[Date Prev][Date Next][Thread Prev][Thread Next][Date Index][Thread Index]
Self-organizing maps vs. K-Means (optional)
There was a question at the end of the class yesterday on the connection
between Self-organizing maps and K-means.
Self-organizing maps can be seen as an online constrained version of
K-means algorithm. (Online means the datapoints are processed one at a
time as they come in). To see this, let us consider the following
"online" view of K-means.
Suppose we are doing K-means with 3 clusters (k=3). Consider starting with
just the three seed centroids c1, c2 and c3 in the space.
Now consider each datapoint in turn,
loop for point pi from p1...pn
do
find cj that is closest to pi
move cj a small bit towards pi
i.e. cj := cj + alpha ( pi -cj ) /*where 0 <= alpha <= 1 */
od
Notice that in the procedure above, as the datapoints are being processed
they are "attracting" the centers of their clusters towards themselves.
(normal "batch" k-means resets centroids once an iteration, while the
online version tunes the centroid once for each datapoint).

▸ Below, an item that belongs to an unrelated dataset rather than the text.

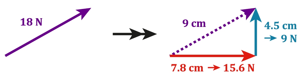 • Draw the original force as a vector arrow in the correct direction and to a suitable scale.
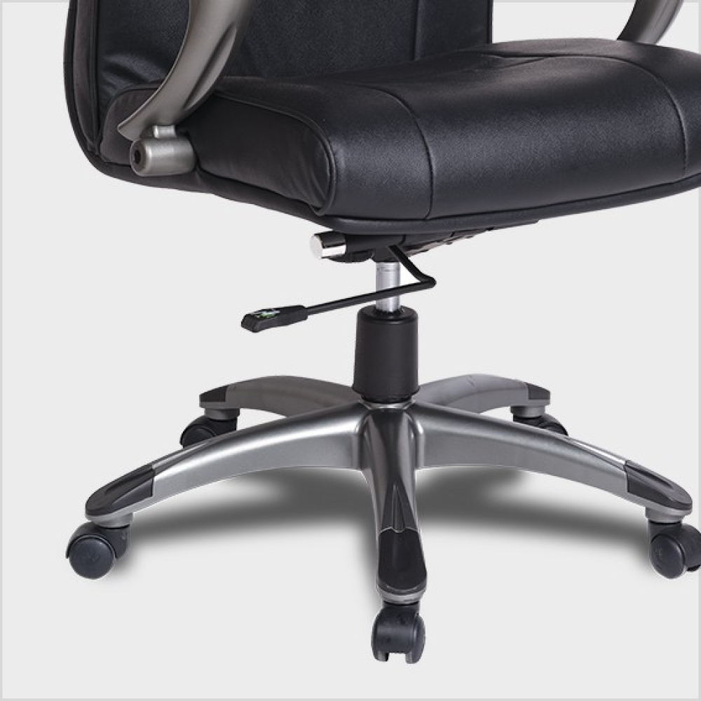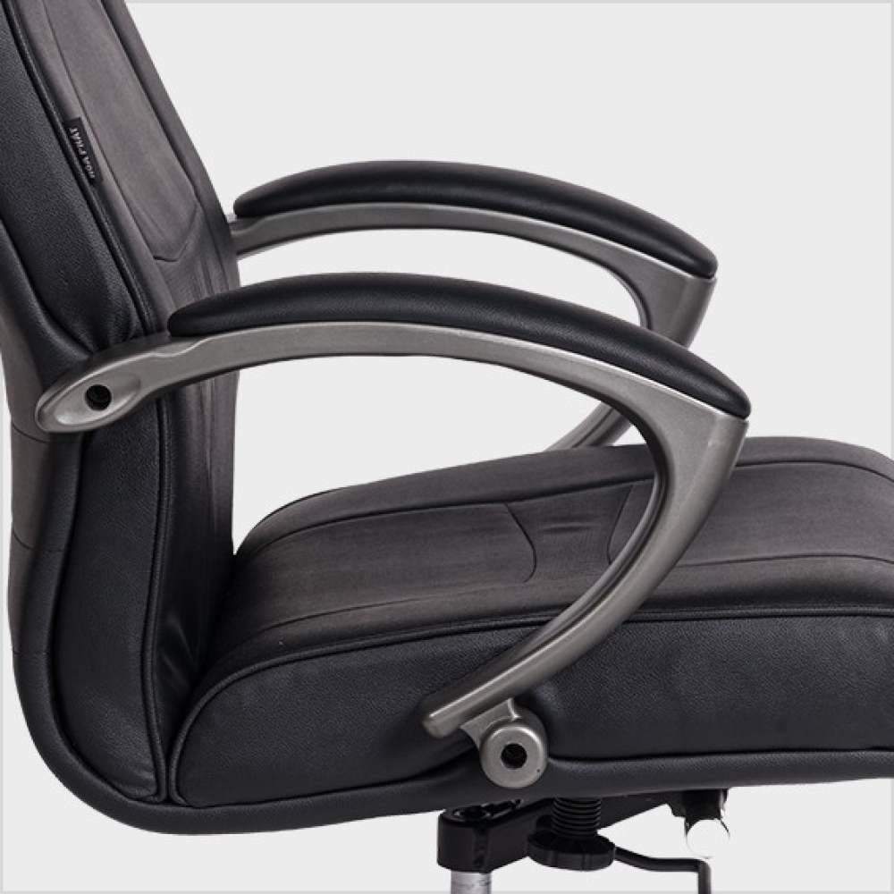 Ghế lãnh đạo có đệm tựa bọc da, da CN hoặc PVC. Chân tay nhựa sơn phủ mầu nhũ chì hoặc nhũ đồng.

(I will mention next class (in a slide titled K-means variations) that we
can try hybrid methods that lie between online and batch by
resetting the centroid after every j points. Such methods typically improve
the convergence speed since more data points will see the true centroids of
the clusters earlier).
If you pass over the datapoints multiple times in an online fashion, the
resulting clustering is basically similar to what a batch K-means would
have done starting from the original seed clusters.
SOM can be seen as this online version of K-means, with one additional
restriction. The original cluster centers cj are all constrained to be
in a low dimensional manifold (usually 2-d space) of the full data.
This in a way gives a clustering of the data after it has been projected
onto a plane (the plane of projection is normally the plane on which the
data shows maximum variability--so a generalization of principal
component--which is the direction over which the data shows the
maximum variability).
the operation of SOM involves:
select the plane, and dot it uniformly with K cluster centers
for each datapoint, pick the center closest to the datapoint
pull that center *as well as the centers in its neighborhood* a
little towards the datapoint
(notice that rather than just pull the single cluster center, we are
pulling the neighborhood. this tends to
distort the surface on which the original culster centers lie so that it
conforms to the way (the projection of the data)
is actually spread on the initial plane)
SOM has been claimed to provide a "visual representation" of the spread of
the data. You can see for yourself whether this is really the case by
looking at
http://websom.hut.fi/websom/comp.ai.neural-nets-new/html/root.html
where a whole bunch of articles from comp.ai.neural-nets are organized
using SOM.
rao